- cross-posted to:
- rust
- cross-posted to:
- rust
One of the digits of your credit card number is not like the rest of them: it’s purpose is to check for value correctness, this way any website or form knows what if checksum matches - the value was typed in correctly. Or you are lucky with a typo because it’s not a very good checksum - it was designed to be easy to calculate on a mechanical device and been sticking around mostly for historical reasons.
To check if a number is valid according to Luhn checksum you would go from right to left, double every second digit, add all the digits together, if result ends with 0 - checksum matches, if it ends with some other value - it does not.
For example let’s check the number 1594: write down the number as a bunch of digits
1 5 9 4
double every second digit from the right
2 5 18 4
add all the digits
2 + 5 + 1 + 8 + 4 = 20
ends with 0, so checksum is valid
Three key optimizations help to calculate it fast:
- You can split longer sums into short ones
- You can skip second splitting into digits by doing multiplication as usual and adding number of digits above 5 to the total
- SWAR can to perform a bunch of operations on individual digits at once
To illustrate first optimization let’s calculate 1 5 9 4
sum in two parts
1 5 => 2 5 => 2 + 5 = 7
9 4 => 18 4 => 1 + 8 + 4 = 13
7 + 13 = 20 - checksum is valid
to illustrate the second one
// digits themselves
1 5 9 4 => 2 5 18 4 => 2 + 5 + 18 + 4 = 29
// correction
0 0 1 0 => 0 + 0 + 1 + 0 = 1
total: 29 + 1 = 30
Result is off by 10, but for checksum validity purposes it’s good enough.
Last trick comes from doing SWAR and skipping extracting digits in the first place.
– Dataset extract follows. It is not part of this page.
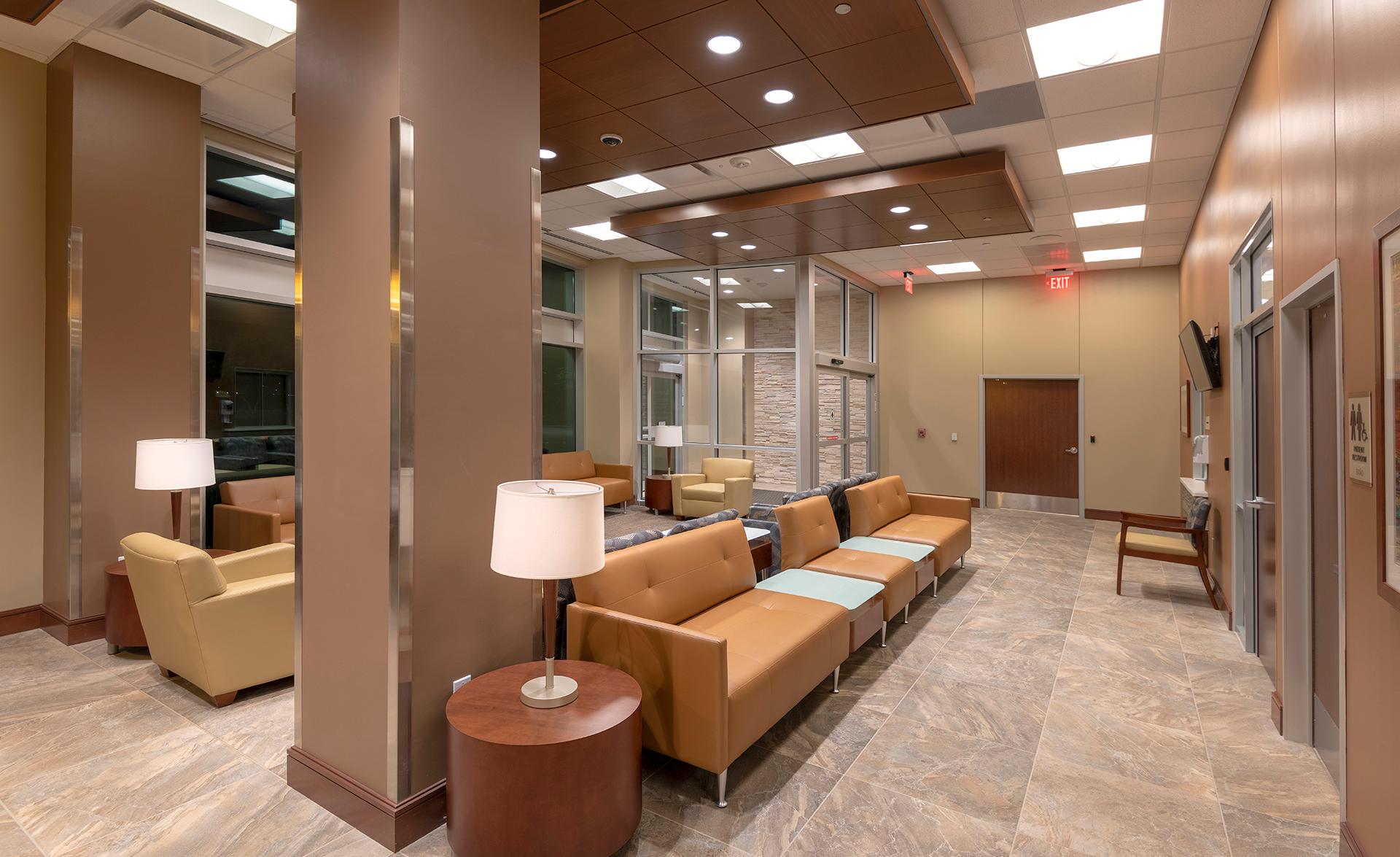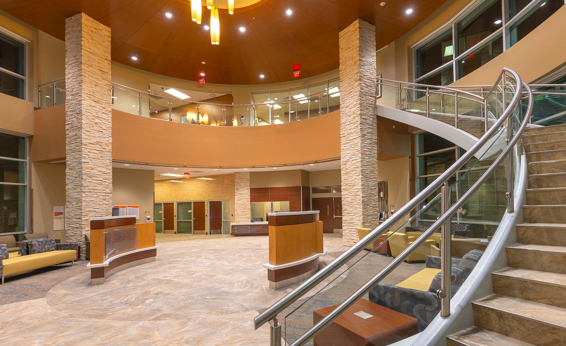 Dignity Health Arizona General Hospital in Mesa is a three-story, 94,000-sf, 50-bed hospital that was built from the ground up, using the Adeptus Hospital model in Houston, Texas. The building has a steel-frame, waterproof and fire-resistant shell with an exterior comprised of stucco, stacked stone, brick veneer, aluminum composite panels, generous glazing and roof screens. The interior features four operating rooms, a 14-bed, 24/7 emergency department, intensive care unit, pharmacy, a laboratory and radiology suite and medical offices. There is also a 279-stall surface parking lot with covered parking canopies, drought-resistant landscaping, and an adjacent helipad. Our team managed all aspects of MEP engineering including med gas connections for operating rooms and critical hook ups for Hillrom hospital beds in patient rooms.

User input comes as an ASCII string “1594”, which we split into chunks of size 8 to fit into 64 bit register and pad with “0” from the right:
"1594" => "00001594"
// subtract 0x3030303030303030 ("00000000")
// to get decimal values
"00001594" - "00000000" => [0, 0, 0, 0, 1, 5, 9, 4]
At this point it is easy to check if string consists of only decimal digits just by adding 0x4646464646464646
and looking for overflows and underflows in both results - can be done for both at once
Multiplying every other digit by 2 and adding them together is done with a regular multiplication by 0x0201020102010201
, and math will do the rest:
A B
* 1 2
----------
2A 2B
A B
Top byte of the lower half of the result will contain 2A + B
for 2 digit case or the full result for all 8 digits in the actual code. Because all the digits are below 10 - there’s no overflow from earlier digits.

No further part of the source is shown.